New Statesman, 14 June 1999

The US has assisted ethnic cleansing in Turkey and has provoked it in Kosovo. So what, asks Noam Chomsky, are we supposed to celebrate?

On 24 March, US-led Nato air forces began to pound the Federal Republic of Yugoslavia, including Kosovo. On 3 June, Nato and Serbia reached a peace accord. The US declared victory, though the bombing was to continue until the victors determined that their interpretation of the accord had been imposed.

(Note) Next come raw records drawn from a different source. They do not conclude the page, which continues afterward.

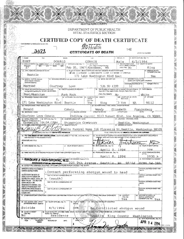 | Smiley's Nirvana Page | Montage of Heck | Kurts Death Cert. |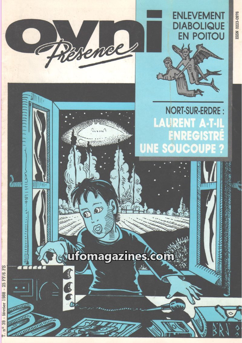 This issue of OVNI Présence from February 1988 covers a range of ufological topics, including a potential UFO sighting recorded by a young boy in Nort-sur-Erdre, France. It also de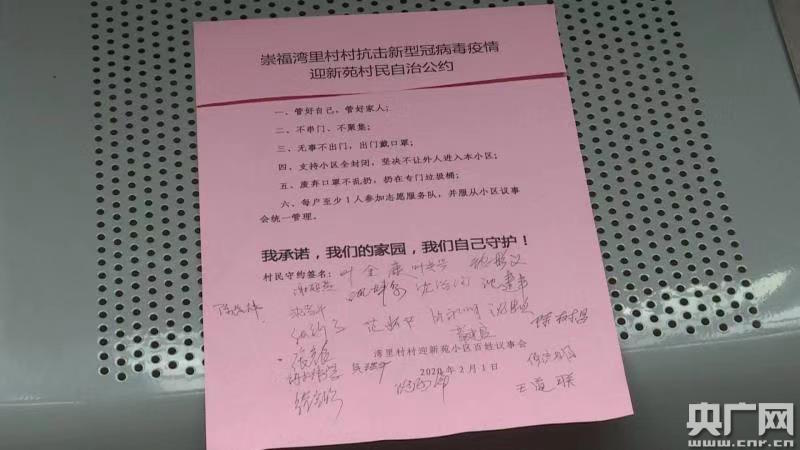沈高是一名黨員,疫情發(fā)生后他第一時間參加了村里的疫情防控志愿活動。為了給村里減輕壓力,沈高和其他幾名黨員和群眾骨干自發(fā)成立了迎新苑自治小組,還擬寫了一份村民自治公約,挨家挨戶地簽字,村民們都很支持。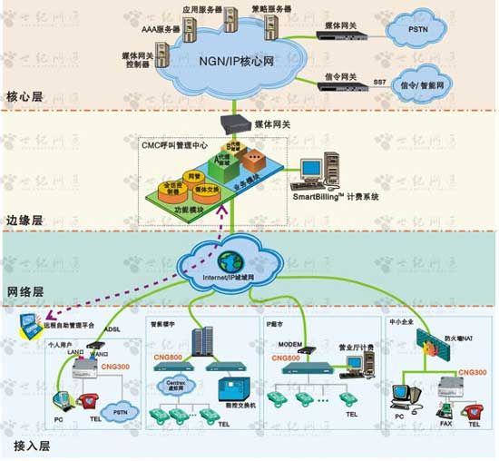 實現(xiàn)無線VoIP另一種方案就是基于軟件的網(wǎng)絡電話,這種方式是直接在互聯(lián)網(wǎng)進行語音數(shù)據(jù)的傳輸,用戶可通過PDA、移動電話、筆記本電腦、PC機以及辦公外設等設備,在提供無線WLAN接入的區(qū)域使用這種軟件網(wǎng)絡電話,從而實現(xiàn)語音通話、文件互傳甚至視頻會議等應用,這種無線VoIP的特點是通訊費用低廉,只要通話的雙方登錄了互聯(lián)網(wǎng),僅需要支付網(wǎng)絡通訊費用,就可以在任何地方進行通訊交流,而且不受時間限制,完全是免費的,這種方案即適合企業(yè)內部的通訊使用,也可以滿足商務用戶的移動通訊需求。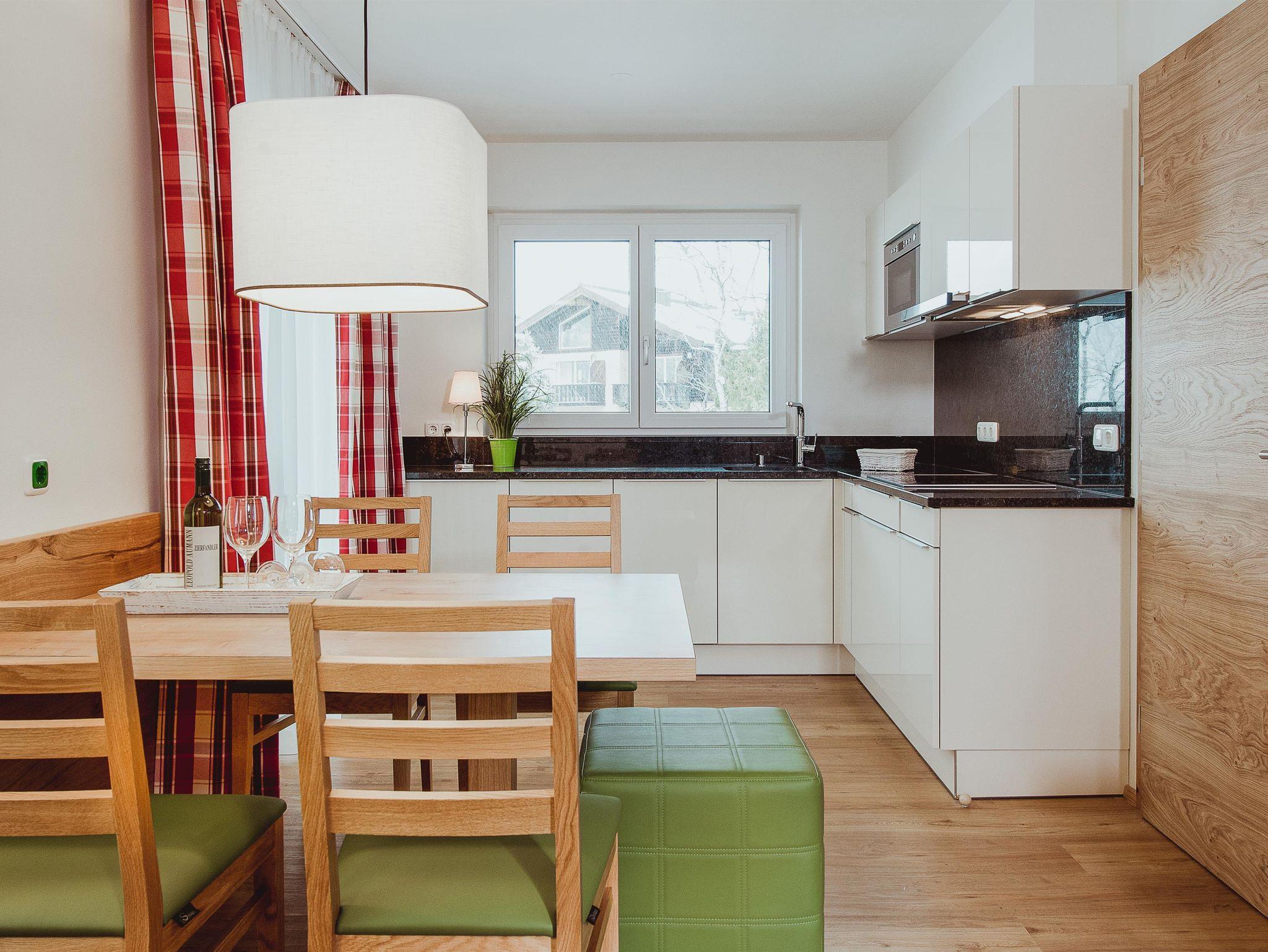 Appartement Enzian | 4 Personen, 60 m² . Offener Wohn-, Küche- & Essbereich, Wohnbereich mit Flatscreen Kabel TV, Sitzgruppe, Voll ausgestattete Küche, 2 getrennte Schlafzimmer jeweils mit Flatscreen Kabel TV,Kostenloser WLAN-Internetzugang, 2 Bäder (Haarfön, Handtuchheizung), Ski- und Schuhraum, 1 Parkplatz, Kleiderschrank mit Safe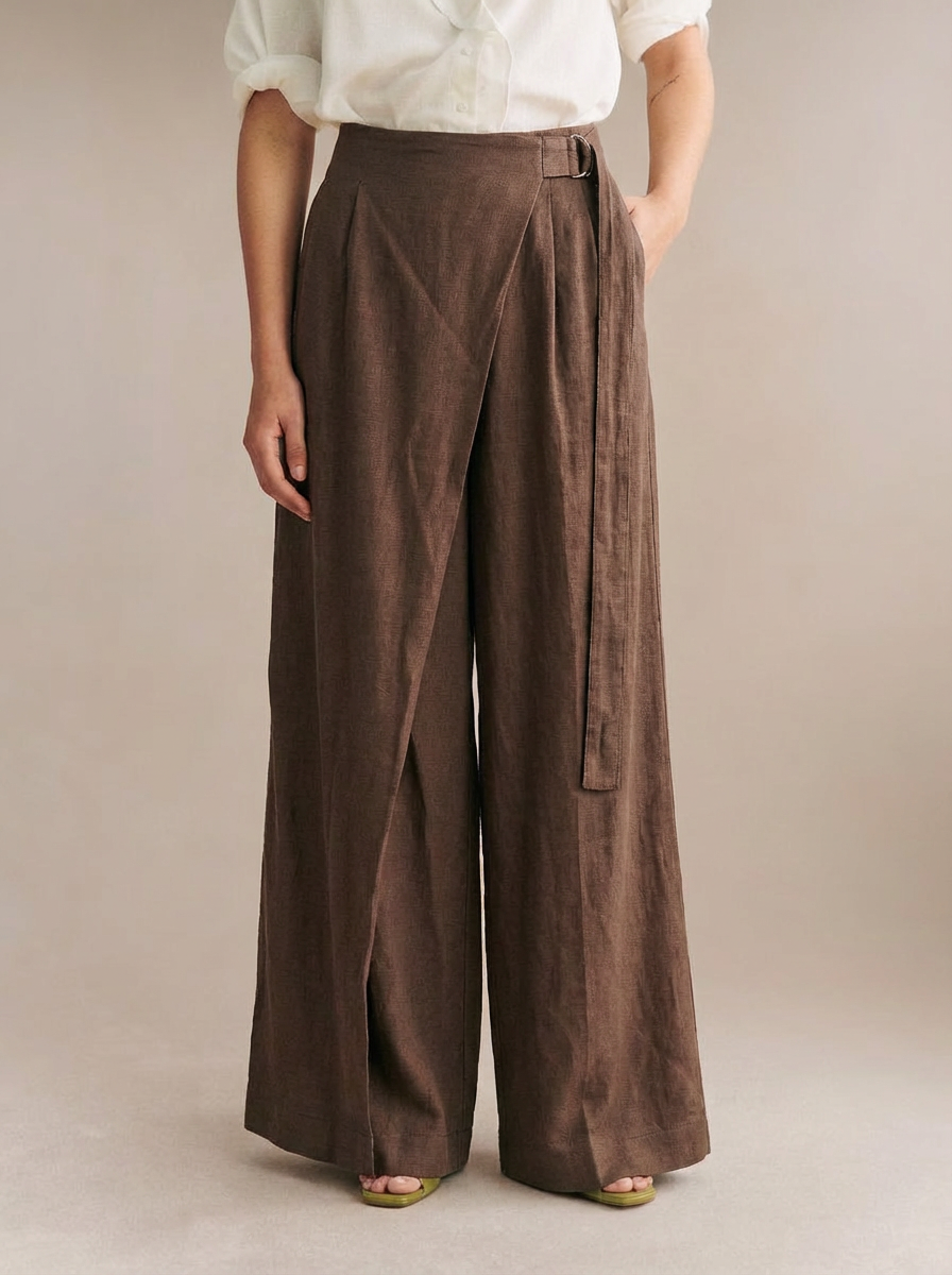 – Pantalón con tiro medio con cintura elástica en la espalda. Bolsillos laterales ocultos en costura. Detalle de banda lateral a contraste y pinzas delanteras.

From the outset the bombing had been cast as a matter of cosmic significance, a test of a new humanism, in which the "enlightened states" (Foreign Affairs magazine) opened a new era of human history guided by "a new internationalism where the brutal repression of whole ethnic groups will no longer be tolerated" (Tony Blair). The enlightened states are the US and its British associate and perhaps also others who enlist in their crusades for justice.

Apparently the rank of "enlightened states" is conferred by definition. One finds no attempt to provide evidence or argument, certainly not from their history. "From the start, the Kosovo problem has been about how we should react when bad things happen in unimportant places," the global analyst Thomas Friedman explained in the New York Times as the accord was announced. He proceeded to laud the enlightened states for pursuing his moral principle that "once the refugee evictions began, ignoring Kosovo would be wrong . . . and therefore using a huge air war for a limited objective was the only thing that made sense".

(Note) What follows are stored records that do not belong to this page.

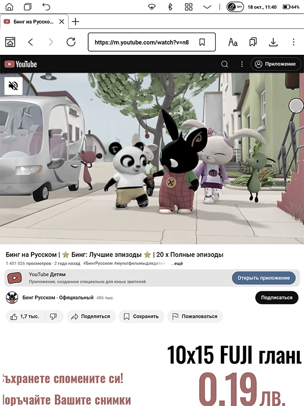 Результат смены настроек заметен, и заметен хорошо, — например, журналы лучше всего выглядят именно при выборе пресета «Журнал», а видео на YouTube мне удалось без пиксельной каши посмотреть только в режиме «Видео». Да, PocketBook InkPad Eo способен воспроизводить ролики — особенно если они не очень динамичные и не содержат очень уж многооттеночных сцен. Скажем, мы с дочкой эксперимента ради посмотрели на InkPad Eo одну из серий детского мультика «Бинг» — и ребенок даже получил удовольствие. Нет, я не считаю, что ридер стоит использовать для видео — это для него исключительно непрофильная задача. И тем не менее он с ней справляется.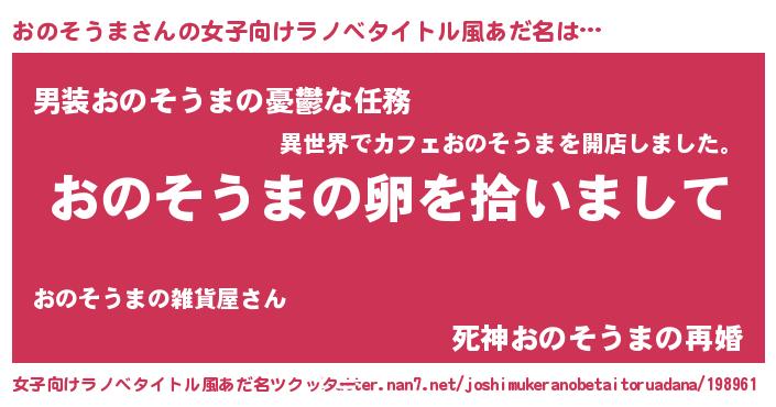 | 男性向けラノベタイトル風あだ名 | 『おのそうまの嫁は女の子じゃないと思った?』 |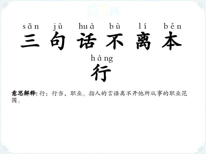 | 三句话不离本行 | 行:行当,职业。指人的言语离不开他所从事的职业范围。 |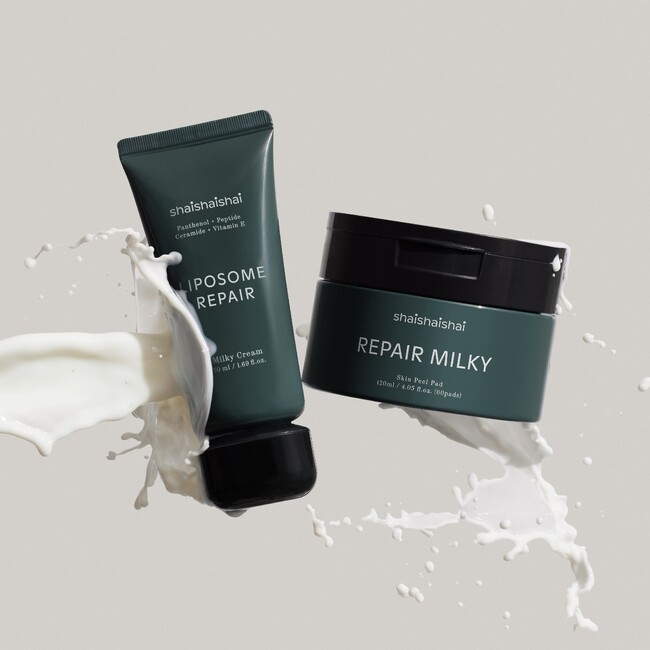 光老化と熱老化に向き合う韓国発スキンケアブランドshaishaishai〈シャイシャイシャイ〉より、光によるダメージを受けた肌を、ミルキーなテクスチャーでしっとりなめらかなコンディションへ導く「リペアミルキーシリーズ」から「リポソームリペア ミルキークリーム」と「リペアミルキー スキンピールパッド」の2製品が新発売。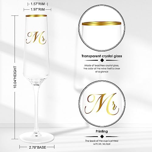 Sponsored Ad - Mr and Mrs Wedding Champagne Flutes with Long Stem,Bride and Groom Toasting Crystal Glass Set, Bridal Shower Gift, Engagement Gifts for Couples, Newlyweds, Anniversary
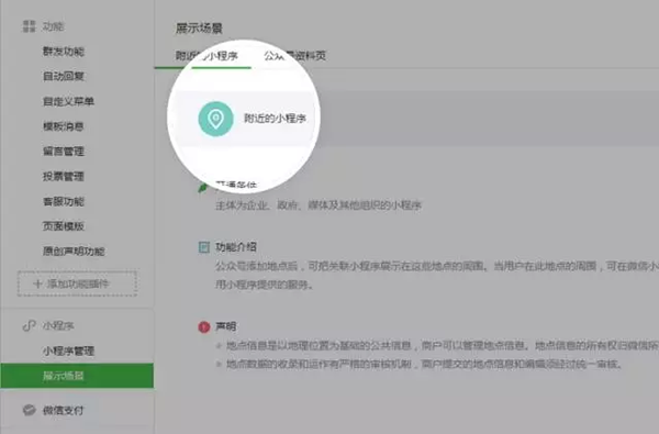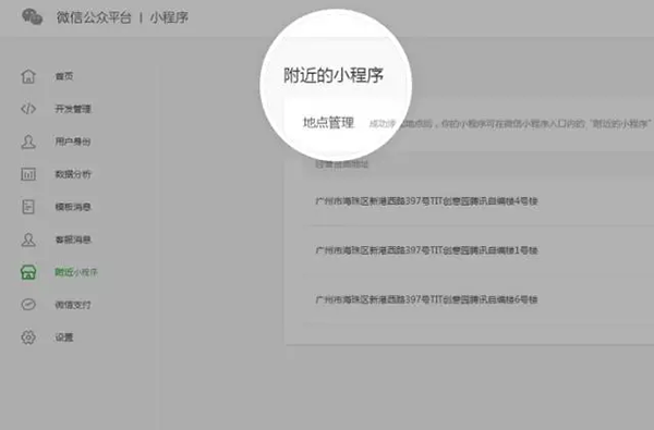 公眾號后臺新增附近的小程序功能,申請開通后支持添加地點。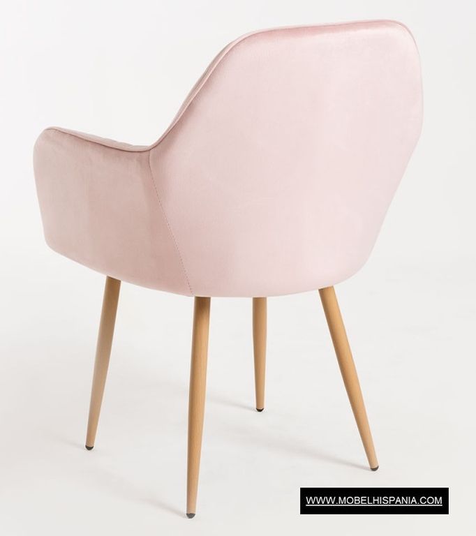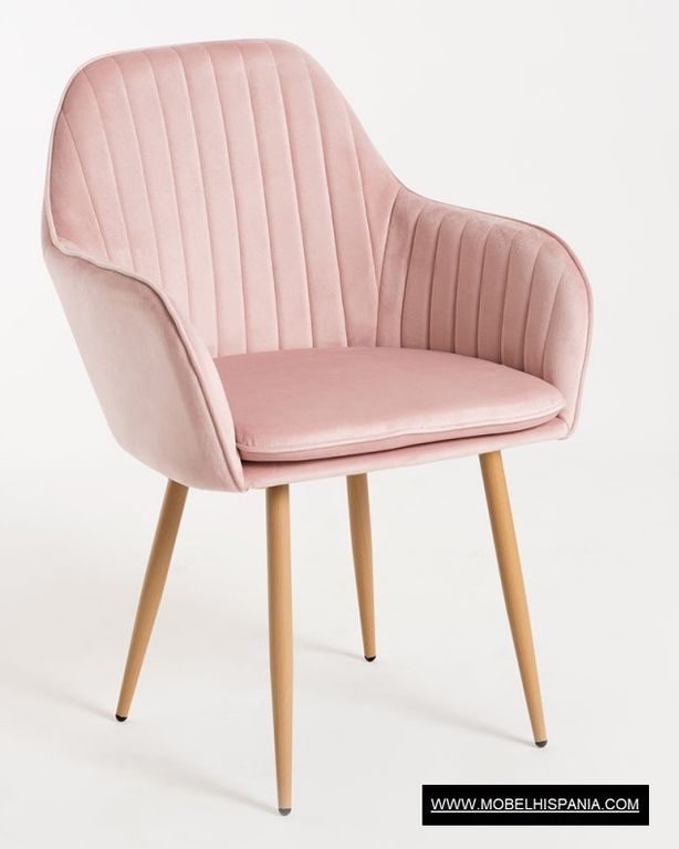 Sillon tapizado en terciopelo con patas metalicas imitacion madera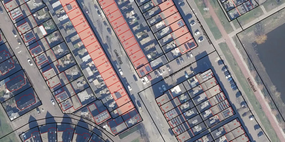 Gebruik de zoekbalk of klik op een perceel voor informatie over de adressen binnen dit perceel.

But concern over the "refugee evictions" could not have been the motive for the "huge air war". The United Nations Commissioner for Refugees registered the first refugees outside Kosovo on 27 March (4,000), three days after the bombings began. The toll increased until 4 June, reaching a reported total of 670,000 in Albania and Macedonia, along with an estimated 70,000 in Montenegro and 75,000 who had left for other countries. The figures, which are unfortunately all too familiar, do not include the unknown numbers who have been displaced within Kosovo, some 200,000-300,000 in the year before the bombing, according to Nato, and a great many more afterwards.

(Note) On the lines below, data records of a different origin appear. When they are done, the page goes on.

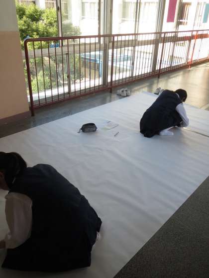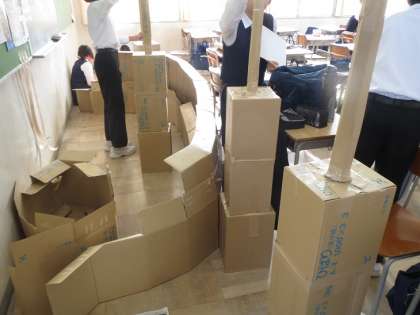 2年生の舞台練習の様子を中庭から覗きました。みんな先生の指示で真剣に練習していました。廊下では舞台の背景の制作に取り組んでいました。また、別な教室を覗くとざら紙の空箱を活用して何やら怪しいものを制作していました。みんな日常の生活を離れて、頭の中は、空想の世界に飛躍しているのかもしれません。文化祭が終わったら日常の世界に戻ってこれるでしょうか。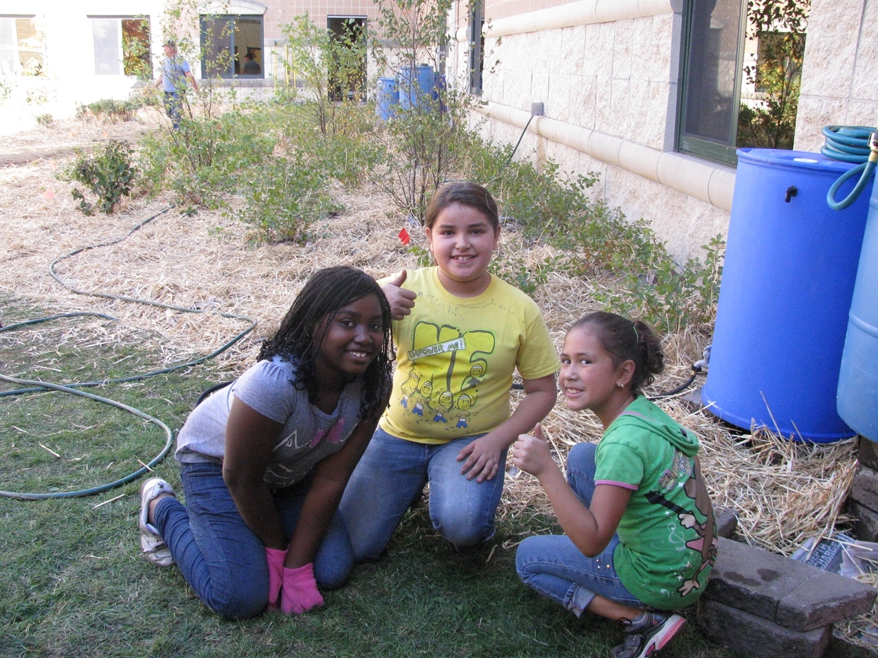 - placement of several rain barrels at most of the school downspouts;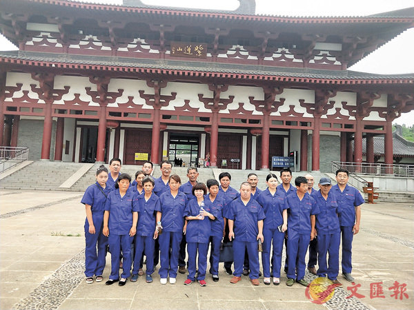 赵启华(右一)带领残疾人员工在合肥景区游览。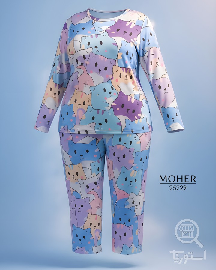 ست راحتی زنانه سایز بزرگ طرح گربه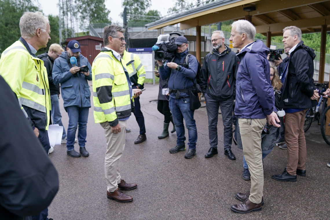 Begrunnelsen for å stanse togene nordover fra Oslo på tredje dagen oppgis å være «overvann», nærmere bestemt ved Leirsund stasjon. Statsministeren besøkte onsdag morgen Leirsund for å se «overvannet» som hindrer togene i å gå.

So the "huge air war" precipitated a sharp increase of ethnic cleansing and other atrocities. That much has been reported consistently by correspondents on the scene. The same picture is presented in the two major documents that seek to portray the bombing as a reaction to the humanitarian crisis in Kosovo. The most extensive one, provided by the US State Department in May, is suitably entitled Erasing History: ethnic cleansing in Kosovo; the second is the indictment of Slobodan Milosevic and associates by the International Tribunal on War Crimes in Yugoslavia. Both documents hold that the atrocities began "on or about 1 January"; in both, however, the detailed chronology reveals that atrocities continued more or less as before until the bombing led to a very sharp escalation.